- Opening Delimiter -

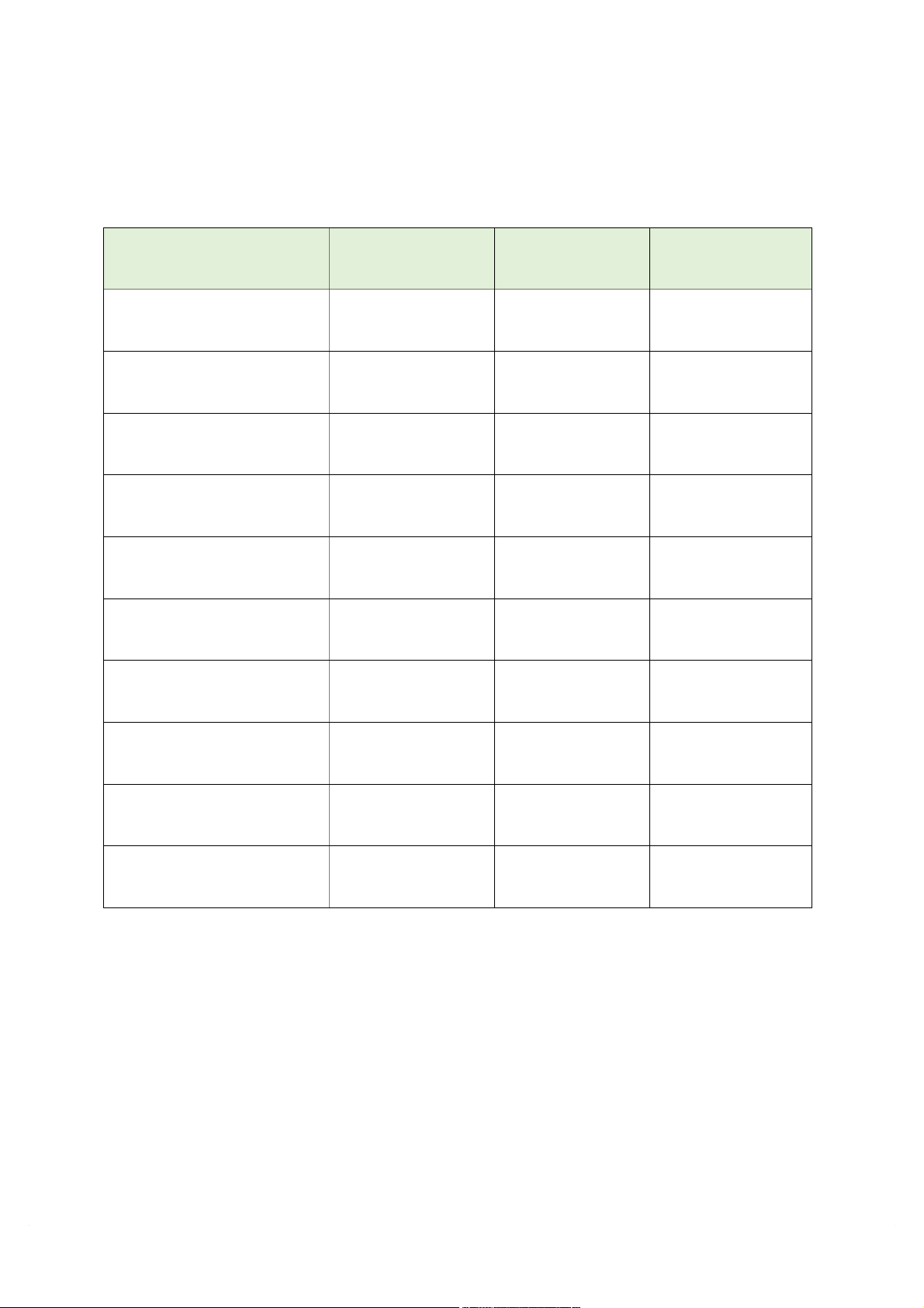 BẢNG PHÂN CÔNG NHIỆM VỤ Họ và tên Nhiệm vụ Đánh giá từ Đánh giá của nhóm trường giảng viên Phan Thị Ngọc Bích Word+Phản Biện Bùi Thị Chi Thuyết trình+Phản biện Phan Nguyễn Linh Chi Lời mở đầu+ Phần 1 Nguyễn Duy Công Phần 2+TLTK Đinh Thị Cúc Phần 3 Hoàng Thị Diệu Phần 2+KL Trịnh Hoàng Dung PPT Vũ Đức Duy Thuyết trình+ Phản biện Phạm Ngọc Diệp Phần 2+KL
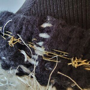 This stylish vintage open-front cardigan offers a soft texture with a fuzzy finish. The black and gold accents provide a sophisticated touch to casual wear.
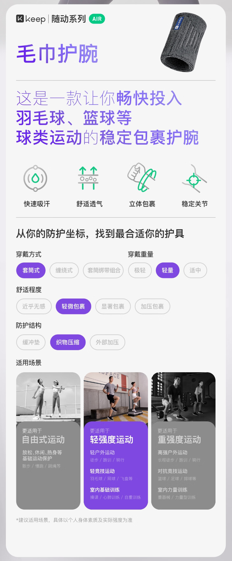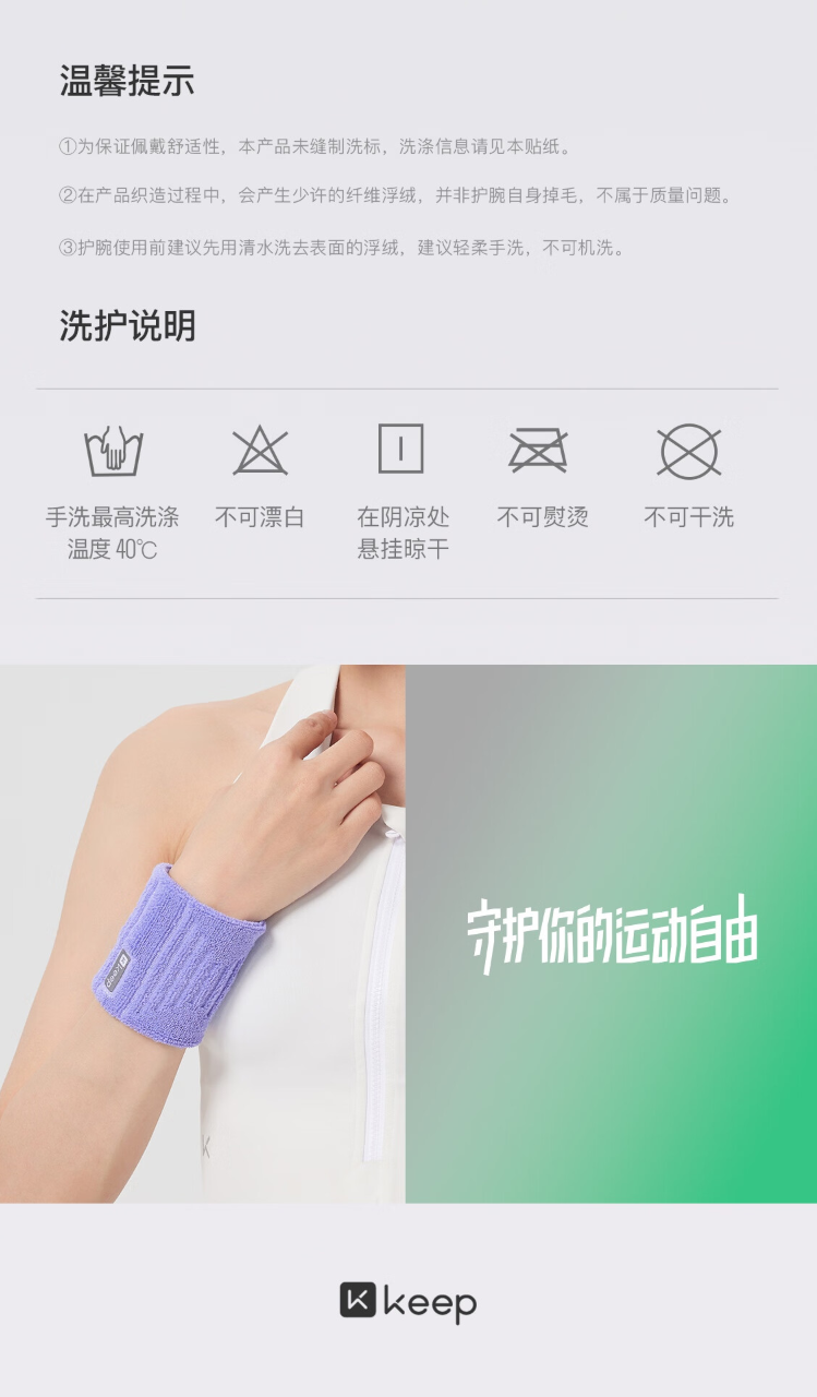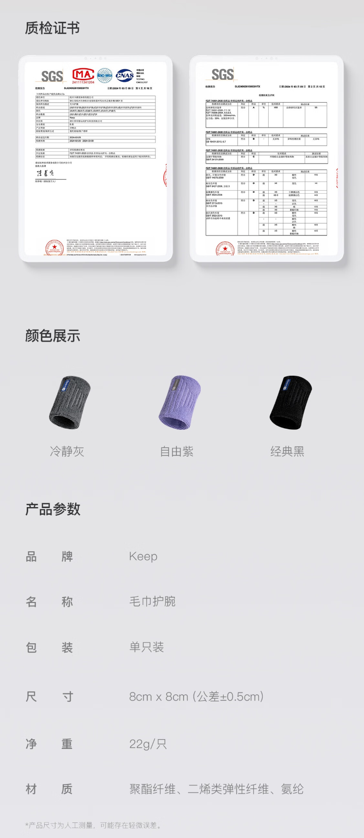 keep 运动护腕 毛巾护腕 单只8*8cm 混色(单位:只)
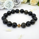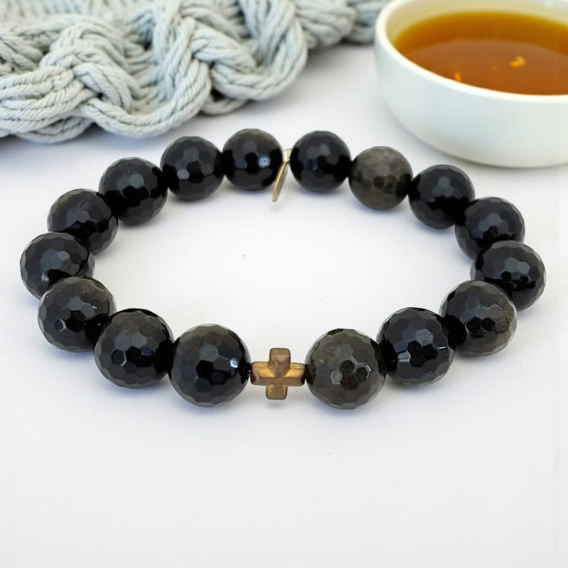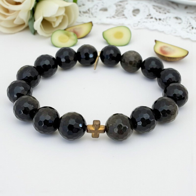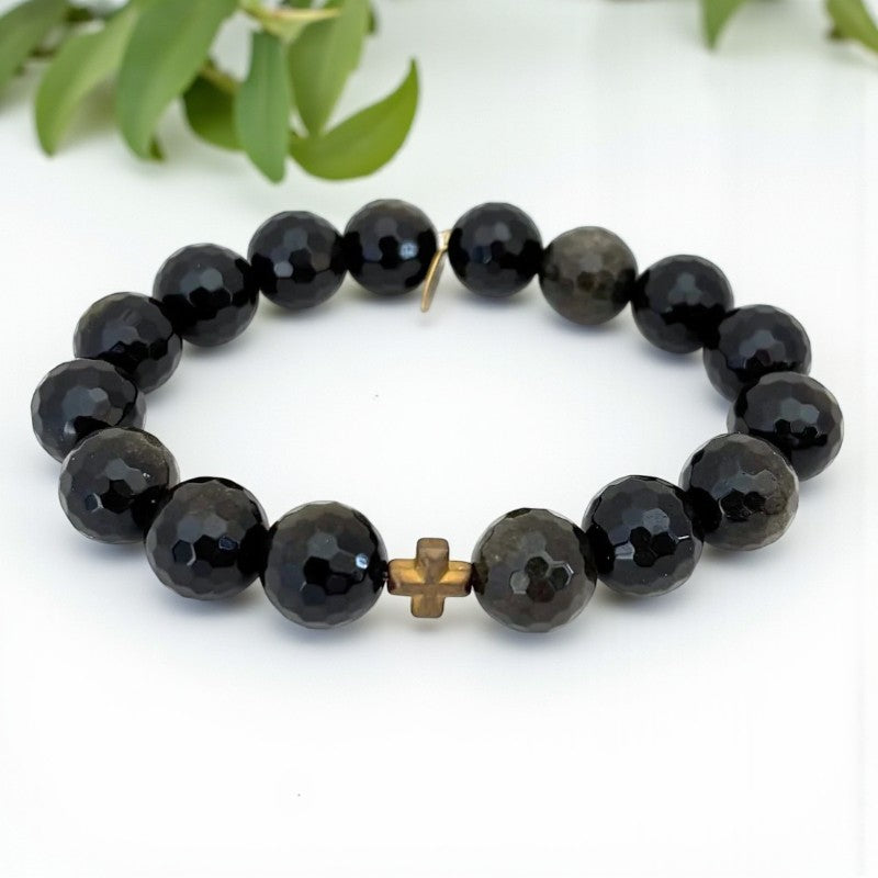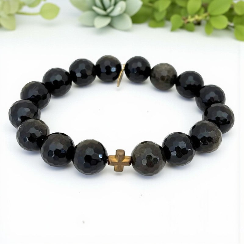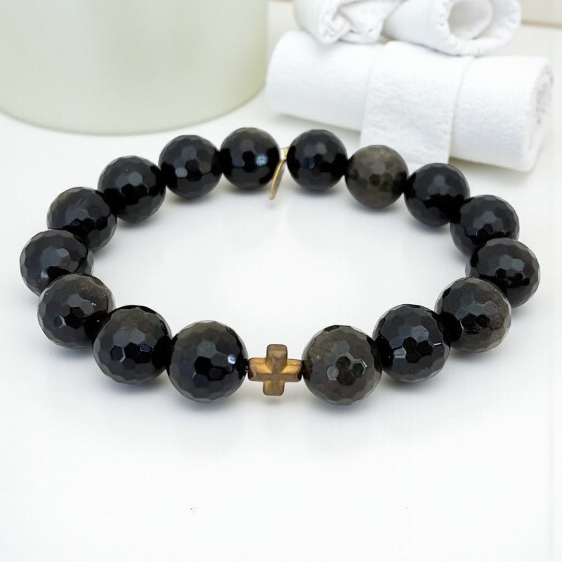 Immerse yourself in the protective energies of the 12mm faceted obsidian bracelet adorned with a brass plus sign, symbolizing positivity and amplification. This listing offers a single bracelet designed to bring transformation, manifestation, and deep emotional clarity into your life.

- Closing Delimiter -

What you will do »
The listing above must be printed again exactly, minus its pictures.

Solution below »
 BẢNG PHÂN CÔNG NHIỆM VỤ Họ và tên Nhiệm vụ Đánh giá từ Đánh giá của nhóm trường giảng viên Phan Thị Ngọc Bích Word+Phản Biện Bùi Thị Chi Thuyết trình+Phản biện Phan Nguyễn Linh Chi Lời mở đầu+ Phần 1 Nguyễn Duy Công Phần 2+TLTK Đinh Thị Cúc Phần 3 Hoàng Thị Diệu Phần 2+KL Trịnh Hoàng Dung PPT Vũ Đức Duy Thuyết trình+ Phản biện Phạm Ngọc Diệp Phần 2+KL
 This stylish vintage open-front cardigan offers a soft texture with a fuzzy finish. The black and gold accents provide a sophisticated touch to casual wear.
 keep 运动护腕 毛巾护腕 单只8*8cm 混色(单位:只)
 Immerse yourself in the protective energies of the 12mm faceted obsidian bracelet adorned with a brass plus sign, symbolizing positivity and amplification. This listing offers a single bracelet designed to bring transformation, manifestation, and deep emotional clarity into your life.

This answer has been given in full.